4

I have table events with fields:

id
user_id
time_start
time_end
...

And have b-tree index on (time_start, time_end).

SELECT user_id
FROM events
WHERE ((time_start <= '2021-08-24T15:30:00+00:00' AND time_end >= '2021-08-24T15:30:00+00:00') OR
       (time_start <= '2021-08-24T15:59:00+00:00' AND time_end >= '2021-08-24T15:59:00+00:00'))
GROUP BY user_id);
Group  (cost=243735.42..243998.32 rows=1103 width=4) (actual time=186.533..188.244 rows=166 loops=1)
  Group Key: user_id
  Buffers: shared hit=224848
  ->  Gather Merge  (cost=243735.42..243992.80 rows=2206 width=4) (actual time=186.532..188.199 rows=176 loops=1)
        Workers Planned: 2
        Workers Launched: 2
        Buffers: shared hit=224848
        ->  Sort  (cost=242735.39..242738.15 rows=1103 width=4) (actual time=184.121..184.126 rows=59 loops=3)
              Sort Key: user_id
              Sort Method: quicksort  Memory: 27kB
              Worker 0:  Sort Method: quicksort  Memory: 27kB
              Worker 1:  Sort Method: quicksort  Memory: 28kB
              Buffers: shared hit=224848
              ->  Partial HashAggregate  (cost=242668.62..242679.65 rows=1103 width=4) (actual time=184.065..184.085 rows=59 loops=3)
                    Group Key: user_id
                    Buffers: shared hit=224834
                    ->  Parallel Seq Scan on events  (cost=0.00..242553.74 rows=45952 width=4) (actual time=104.085..183.994 rows=64 loops=3)
                          Filter: (((time_start <= '2021-08-24 15:30:00+00'::timestamp with time zone) AND (time_end >= '2021-08-24 15:30:00+00'::timestamp with time zone)) OR ((time_start <= '2021-08-24 15:59:00+00'::timestamp with time zone) AND (time_end >= '2021-08-24 15:59:00+00'::timestamp with time zone)))
                          Rows Removed by Filter: 708728
                          Buffers: shared hit=224834
Planning Time: 0.169 ms
Execution Time: 188.294 ms

Postgres uses Seq Scan with filter:

Filter: (((time_start <= '2021-08-24 15:30:00+00'::timestamp with time zone) AND (time_end >= '2021-08-24 15:30:00+00'::timestamp with time zone)) OR ((time_start <= '2021-08-24 15:59:00+00'::timestamp with time zone) AND (time_end >= '2021-08-24 15:59:00+00'::timestamp with time zone)))

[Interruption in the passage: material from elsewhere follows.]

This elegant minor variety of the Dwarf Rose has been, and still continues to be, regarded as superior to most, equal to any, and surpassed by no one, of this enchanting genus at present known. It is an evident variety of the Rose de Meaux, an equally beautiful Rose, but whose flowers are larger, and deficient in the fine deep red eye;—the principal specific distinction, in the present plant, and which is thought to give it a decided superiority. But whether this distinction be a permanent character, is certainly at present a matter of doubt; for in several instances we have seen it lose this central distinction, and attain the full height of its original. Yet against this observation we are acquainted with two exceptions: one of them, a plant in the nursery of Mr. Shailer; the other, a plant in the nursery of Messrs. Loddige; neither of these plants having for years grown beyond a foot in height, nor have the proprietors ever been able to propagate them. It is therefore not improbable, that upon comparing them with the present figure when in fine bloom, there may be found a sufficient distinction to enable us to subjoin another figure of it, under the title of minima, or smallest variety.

But when I leave one condition for time_start and time_end it starts to use Index Scan.

How can I change condition to make Postgres use Index Scan over Seq Scan?

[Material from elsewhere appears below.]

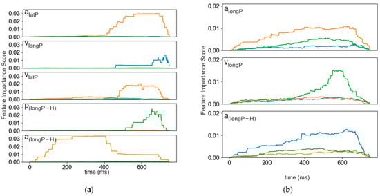 For the signalized, sensor-only dataset, all but one of the selected features demonstrated a peak in feature importance scores between 0.5–2.5 s prior to stop bar incursion (Figure 6a). The remaining feature, the relative longitudinal acceleration () peaked much earlier in the 3–5.5 s prior to stop bar incursion. This feature also had the highest feature importance values of all the selected features. Similarly, the mean of the brake pedal pressure feature from the V2V inclusive dataset reached its maximum feature importance scores starting about 5.25 s prior to stop bar incursion (Figure 6c). In other words, both signalized datasets had at least one feature that demonstrated a high feature importance score early in the time series. It follows that the advantage of including the V2V data is that fewer features are required to achieve slightly greater accuracy and still provide an early indicator of future priority-taking behaviour.

I don't want to use UNION like:

SELECT user_id
FROM events
WHERE (
     (time_start <= '2021-08-24T15:59:00+00:00' AND time_end >= '2021-08-24T15:59:00+00:00'))
GROUP BY user_id)
UNION (SELECT user_id
       FROM events
       WHERE (
           (time_start <= '2021-08-24T15:59:00+00:00' AND time_end >= '2021-08-24T15:59:00+00:00'))
   GROUP BY user_id
Erwin Brandstetter
  • 185,527
  • 28
  • 463
  • 633
Dmitro
  • 175
  • 4

1 Answers1

6

Expression index

A GiST or (even better) SP-GiST expression index on an inclusive timestamp range should work wonders.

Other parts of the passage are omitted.